I don't buy the line that having worked for Microsoft in the past is
some kind of incurable virus that renders you forever immune to the
open standards arguments. Assuming he has no conflicts of interests,
then surely he's entitled to the benefit of the doubt - and I've read
nothing to suggest that he has conflicted interests in the way that,
say, certain individuals at the National Archives have.
Ad hominem attacks on Erik Huggers are a distraction from the
underlying issues of technology and interoperability - and I'm sure
the pro-Microsoft camp are only too happy for the community to waste
bandwidth on one particular individual.
On 15 Apr 2008, at 10:00, Sean DALY wrote:
Tim, what disturbs people about a former MS executive in that position
is that Microsoft's interests are not at all aligned with the
interests of a public broadcaster. Microsoft wants video format
lockin, which is why to this day Windows Media Player has no support
for MPEG-4 AVC/H.264 and AAC (Xbox excluded), the Xiph Ogg codecs, or
even Dirac for that matter whose bitstream has been frozen for SMPTE
VC-2. Microsoft chooses not to license Windows Media 9 format for
implementation in GNU/Linux. Their DRM architecture is Microsoft-only,
just like the Apple FairPlay AVC/AAC extension is Apple-only.
If Mr. Huggers had worked for, say, a bank, nobody would care. But he
had an active role at Microsoft promoting a closed, proprietary format
at the expense of open formats. Anyone using a non-Microsoft system
knows that only open standards guarantee interoperability and given
Microsoft's shoddy record on open standards, concerns are justified.
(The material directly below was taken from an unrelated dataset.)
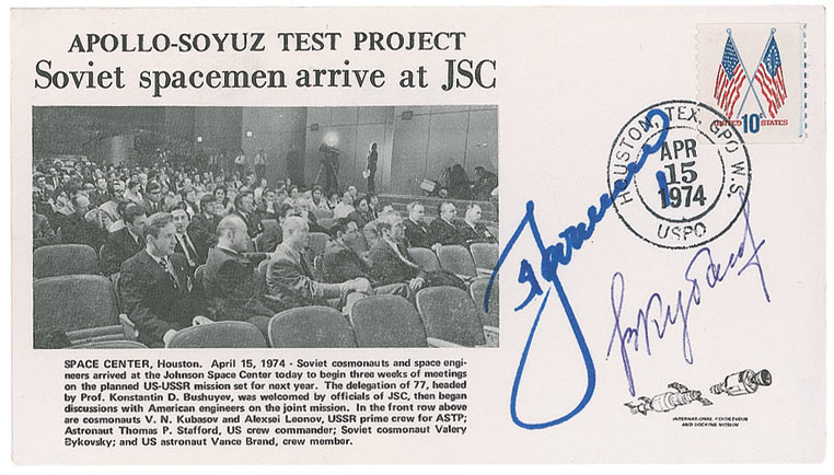 Commemorative cover with a cachet honoring the arrival of the Soyuz cosmonauts as part of the 1975 Apollo-Soyuz mission, signed in ink by both Russian crew members, Alexei Leonov and Valeri Kubasov. In fine condition.

Probably the best thing he could do to allay those concerns would be
to support open standards. It's a mystery to me why the BBC doesn't
make available a Dirac codec installer for WMP. I have no doubt the
browsers and mobile manufacturers would line up for Dirac given its
patent-unencumbered status. Did you see Sun announcing the reinvention
of the wheel last week, a patent-unencumbered video codec?
Sean.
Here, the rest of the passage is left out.